RECORDS TO USE ::
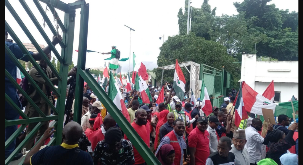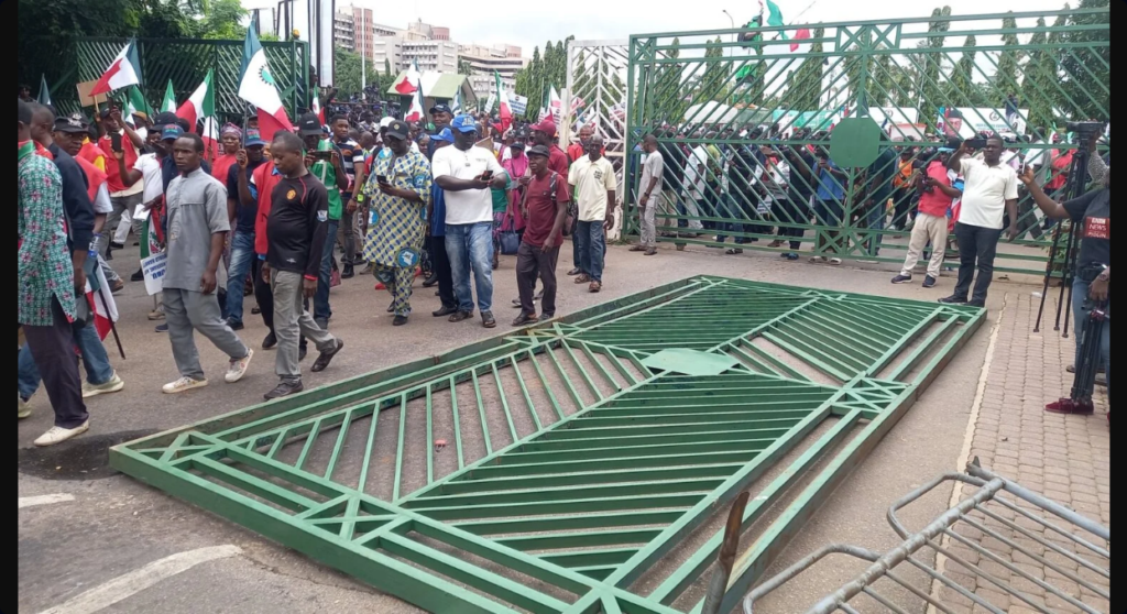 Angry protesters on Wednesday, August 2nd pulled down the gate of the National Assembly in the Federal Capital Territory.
==
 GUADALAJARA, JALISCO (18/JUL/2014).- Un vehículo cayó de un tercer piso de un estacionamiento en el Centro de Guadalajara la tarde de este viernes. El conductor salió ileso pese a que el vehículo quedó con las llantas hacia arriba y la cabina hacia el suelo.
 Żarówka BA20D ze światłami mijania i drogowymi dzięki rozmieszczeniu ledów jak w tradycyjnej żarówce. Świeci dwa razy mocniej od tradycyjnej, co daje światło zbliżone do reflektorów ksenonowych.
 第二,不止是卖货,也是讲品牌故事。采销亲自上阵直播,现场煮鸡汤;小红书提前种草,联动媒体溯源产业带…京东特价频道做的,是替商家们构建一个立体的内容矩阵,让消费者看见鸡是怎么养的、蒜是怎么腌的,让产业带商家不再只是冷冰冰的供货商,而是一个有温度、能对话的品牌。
...
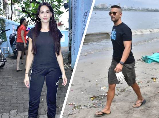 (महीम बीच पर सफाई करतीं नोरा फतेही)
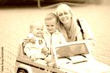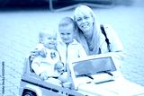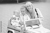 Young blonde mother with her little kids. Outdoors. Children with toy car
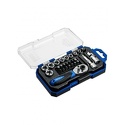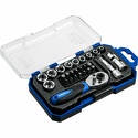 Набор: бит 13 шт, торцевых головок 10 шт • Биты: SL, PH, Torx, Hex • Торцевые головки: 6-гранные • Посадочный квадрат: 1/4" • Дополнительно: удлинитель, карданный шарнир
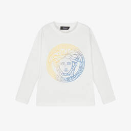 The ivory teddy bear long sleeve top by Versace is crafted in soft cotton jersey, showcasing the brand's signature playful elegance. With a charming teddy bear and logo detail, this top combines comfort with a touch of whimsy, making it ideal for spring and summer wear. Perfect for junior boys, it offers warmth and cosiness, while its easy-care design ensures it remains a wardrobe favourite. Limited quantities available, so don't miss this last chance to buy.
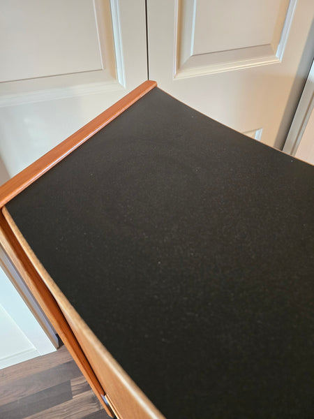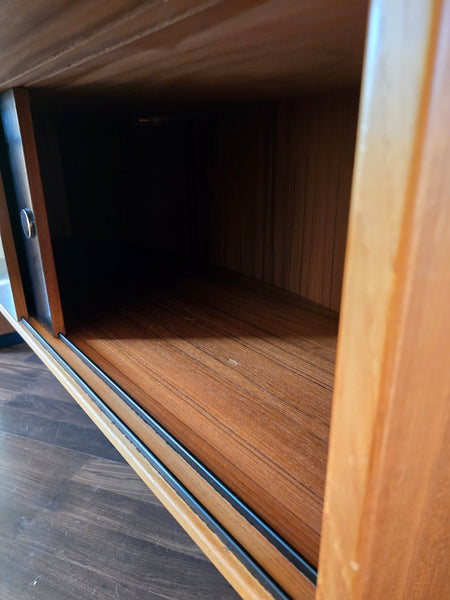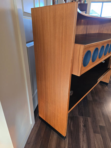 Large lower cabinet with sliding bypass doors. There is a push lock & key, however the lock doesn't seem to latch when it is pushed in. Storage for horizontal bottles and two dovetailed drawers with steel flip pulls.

EXERCISE AIM ::
For this exercise, set down the lines in the entries above from the one with "(महीम बीच पर सफाई करतीं नोरा फतेही)" through the one with "Набор: бит 13" exactly as written, without any pictures.

RESPONSE TO THE TASK ::
 (महीम बीच पर सफाई करतीं नोरा फतेही)
 Young blonde mother with her little kids. Outdoors. Children with toy car
 Набор: бит 13 шт, торцевых головок 10 шт • Биты: SL, PH, Torx, Hex • Торцевые головки: 6-гранные • Посадочный квадрат: 1/4" • Дополнительно: удлинитель, карданный шарнир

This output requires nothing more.